YOUR INSTRUCTIONS: Nothing but the lines below from the one holding "вирус тобачной мозаики" up to and including the one holding "The door header" should be copied, exactly and without pictures.

** PROVIDED ENTRIES follows **

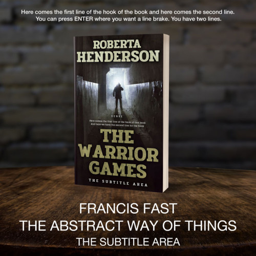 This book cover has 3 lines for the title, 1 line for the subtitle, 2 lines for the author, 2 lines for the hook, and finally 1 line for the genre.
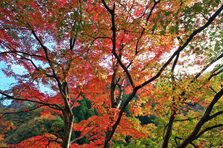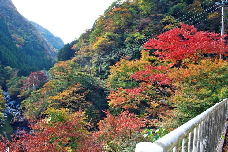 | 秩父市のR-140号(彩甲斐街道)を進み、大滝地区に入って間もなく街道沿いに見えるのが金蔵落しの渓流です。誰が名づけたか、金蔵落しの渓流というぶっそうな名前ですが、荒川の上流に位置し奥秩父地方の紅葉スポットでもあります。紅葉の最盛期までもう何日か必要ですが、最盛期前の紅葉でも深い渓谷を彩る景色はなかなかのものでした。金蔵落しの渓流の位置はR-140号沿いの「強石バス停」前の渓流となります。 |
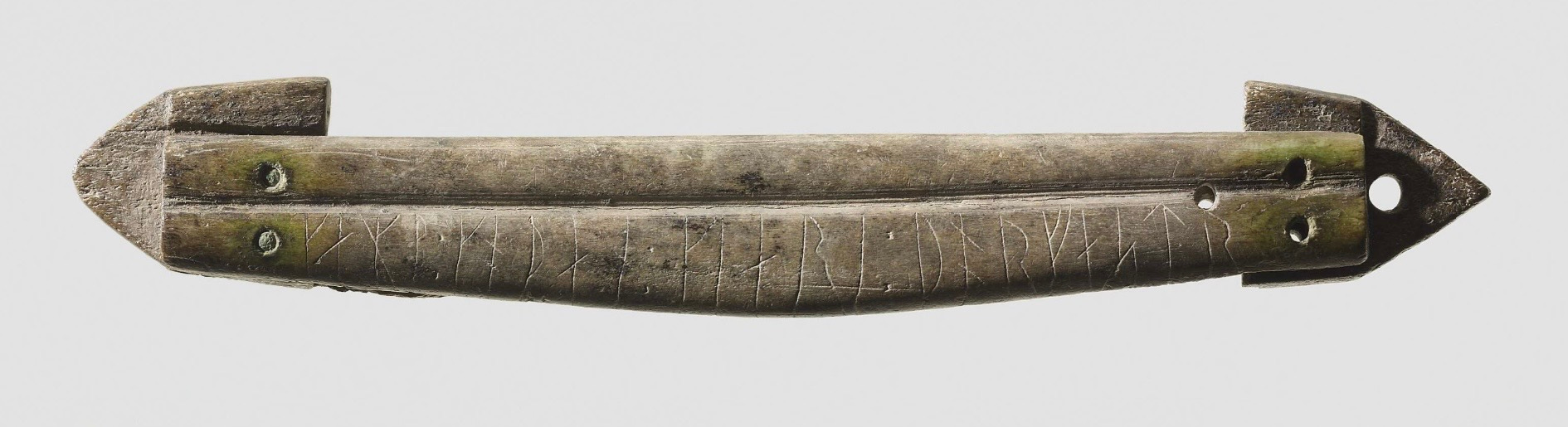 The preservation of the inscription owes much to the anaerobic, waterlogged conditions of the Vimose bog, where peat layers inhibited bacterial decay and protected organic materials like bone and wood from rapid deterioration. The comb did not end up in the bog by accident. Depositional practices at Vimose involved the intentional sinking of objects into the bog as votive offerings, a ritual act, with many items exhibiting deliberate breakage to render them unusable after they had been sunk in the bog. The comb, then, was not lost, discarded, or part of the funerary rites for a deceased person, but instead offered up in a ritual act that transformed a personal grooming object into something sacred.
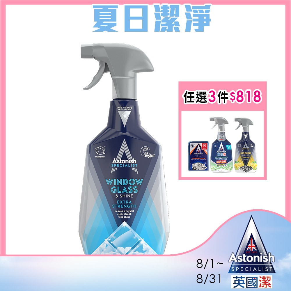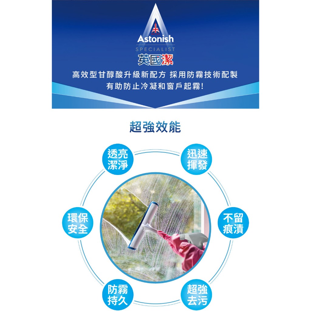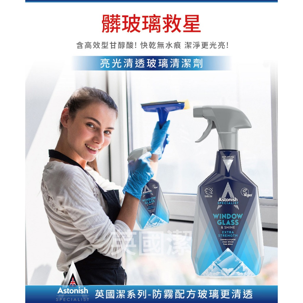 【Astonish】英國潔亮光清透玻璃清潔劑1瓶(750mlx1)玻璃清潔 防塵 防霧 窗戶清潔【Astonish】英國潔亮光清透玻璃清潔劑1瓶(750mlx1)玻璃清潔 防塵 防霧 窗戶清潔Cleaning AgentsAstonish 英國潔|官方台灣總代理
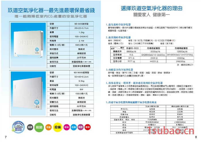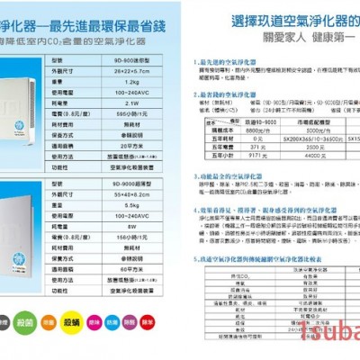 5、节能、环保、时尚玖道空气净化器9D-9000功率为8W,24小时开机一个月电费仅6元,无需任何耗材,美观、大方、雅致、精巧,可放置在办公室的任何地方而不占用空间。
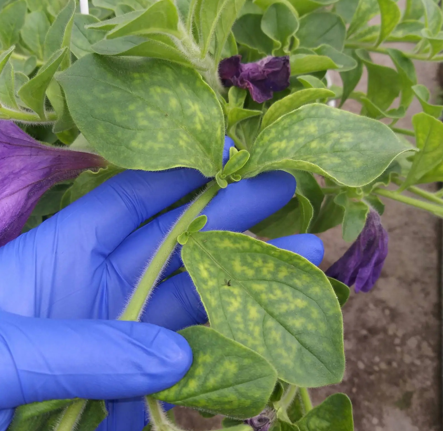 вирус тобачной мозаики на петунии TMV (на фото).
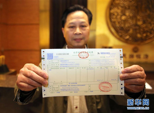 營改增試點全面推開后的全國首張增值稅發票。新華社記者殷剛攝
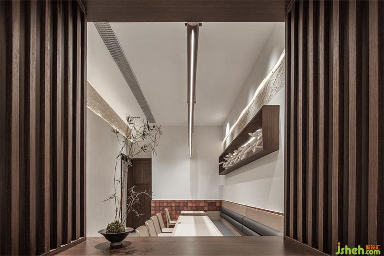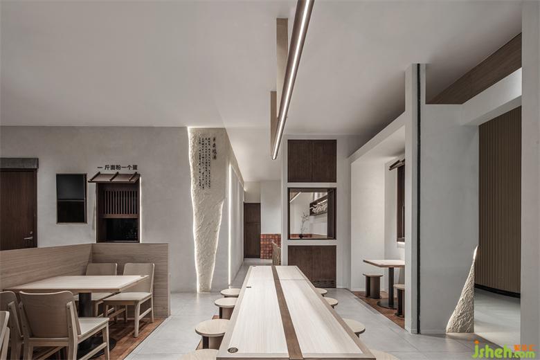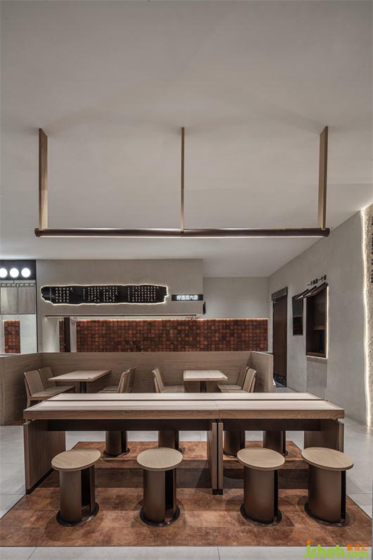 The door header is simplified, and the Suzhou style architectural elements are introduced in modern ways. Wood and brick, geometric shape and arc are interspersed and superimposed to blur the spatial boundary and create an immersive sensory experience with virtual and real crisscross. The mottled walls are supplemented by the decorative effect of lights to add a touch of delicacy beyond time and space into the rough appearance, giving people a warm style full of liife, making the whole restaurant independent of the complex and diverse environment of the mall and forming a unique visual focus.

** End of PROVIDED ENTRIES **
** PROVIDED ENTRIES follows **

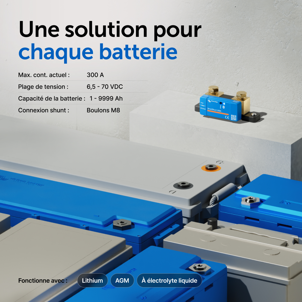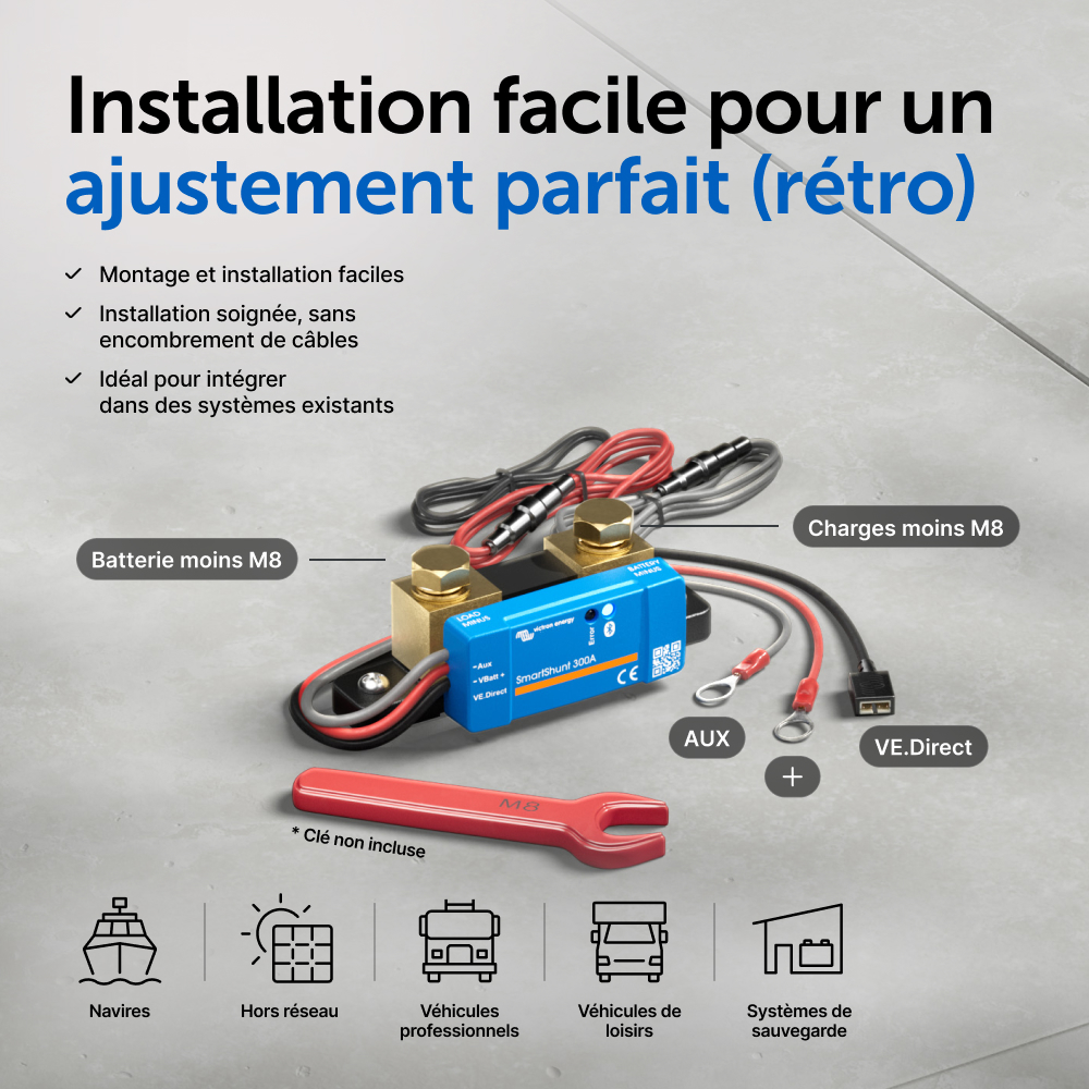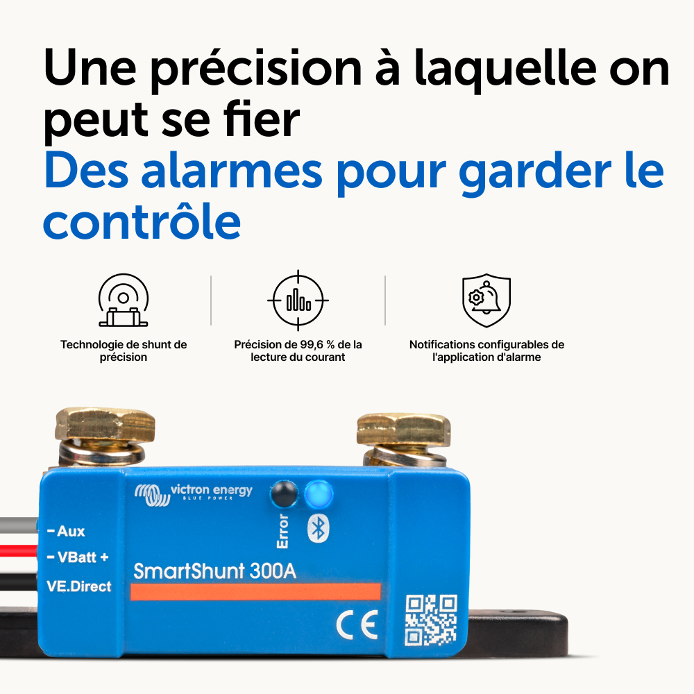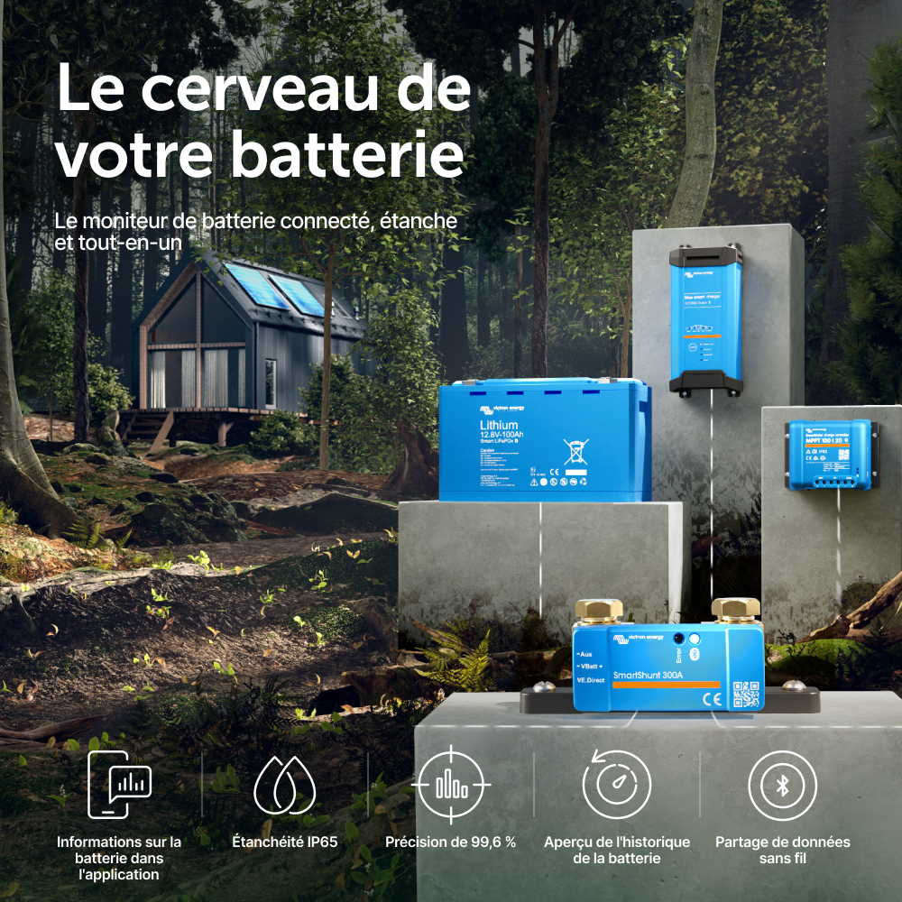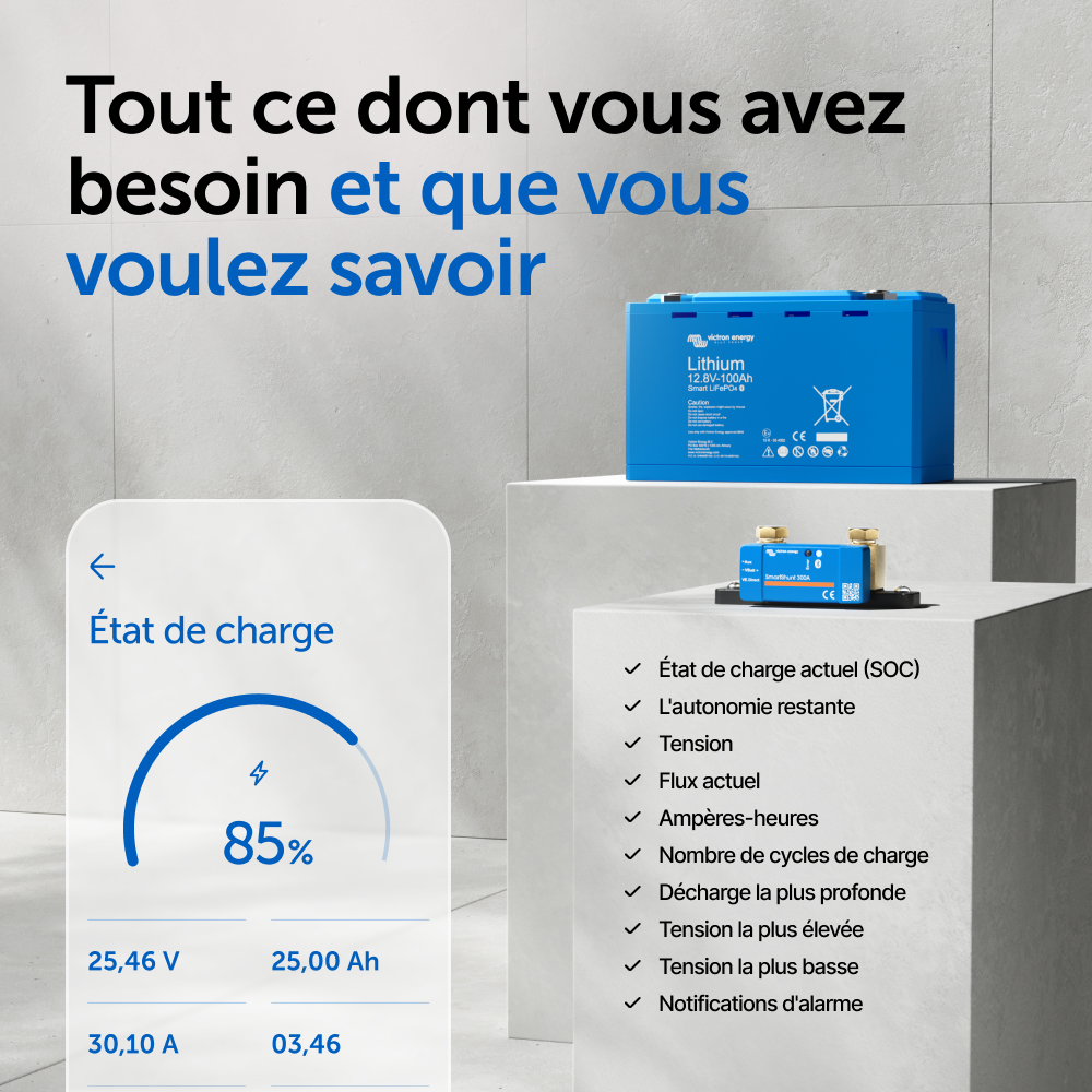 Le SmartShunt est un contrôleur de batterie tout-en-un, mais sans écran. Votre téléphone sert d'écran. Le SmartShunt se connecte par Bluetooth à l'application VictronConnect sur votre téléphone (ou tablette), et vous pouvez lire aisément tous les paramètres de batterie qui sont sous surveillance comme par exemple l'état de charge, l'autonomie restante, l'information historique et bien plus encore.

** End of PROVIDED ENTRIES **
** PROVIDED ENTRIES follows **

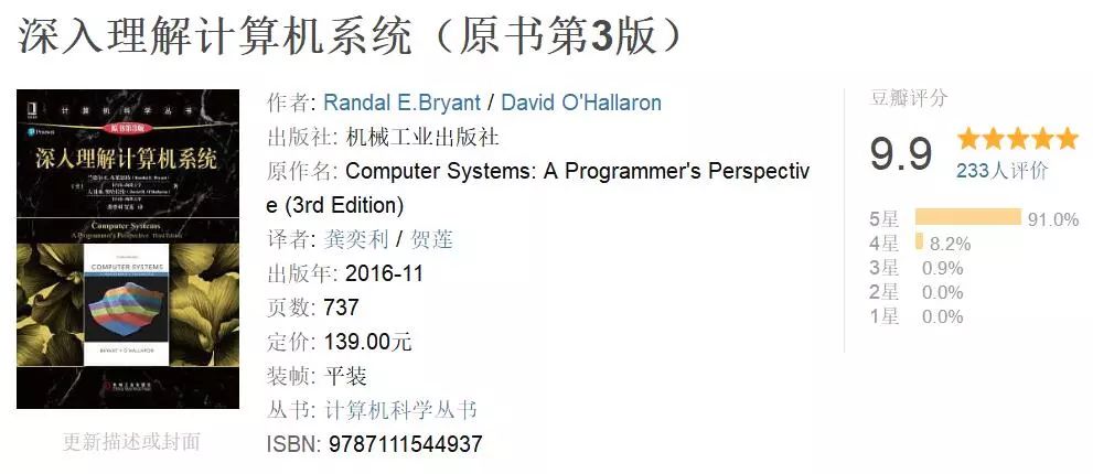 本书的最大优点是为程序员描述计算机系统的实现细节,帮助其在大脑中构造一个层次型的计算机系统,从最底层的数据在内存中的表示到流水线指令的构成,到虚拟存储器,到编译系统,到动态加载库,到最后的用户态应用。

** End of PROVIDED ENTRIES **

SOLUTION FOR THIS TASK:
 вирус тобачной мозаики на петунии TMV (на фото).
 營改增試點全面推開后的全國首張增值稅發票。新華社記者殷剛攝
 The door header is simplified, and the Suzhou style architectural elements are introduced in modern ways. Wood and brick, geometric shape and arc are interspersed and superimposed to blur the spatial boundary and create an immersive sensory experience with virtual and real crisscross. The mottled walls are supplemented by the decorative effect of lights to add a touch of delicacy beyond time and space into the rough appearance, giving people a warm style full of liife, making the whole restaurant independent of the complex and diverse environment of the mall and forming a unique visual focus.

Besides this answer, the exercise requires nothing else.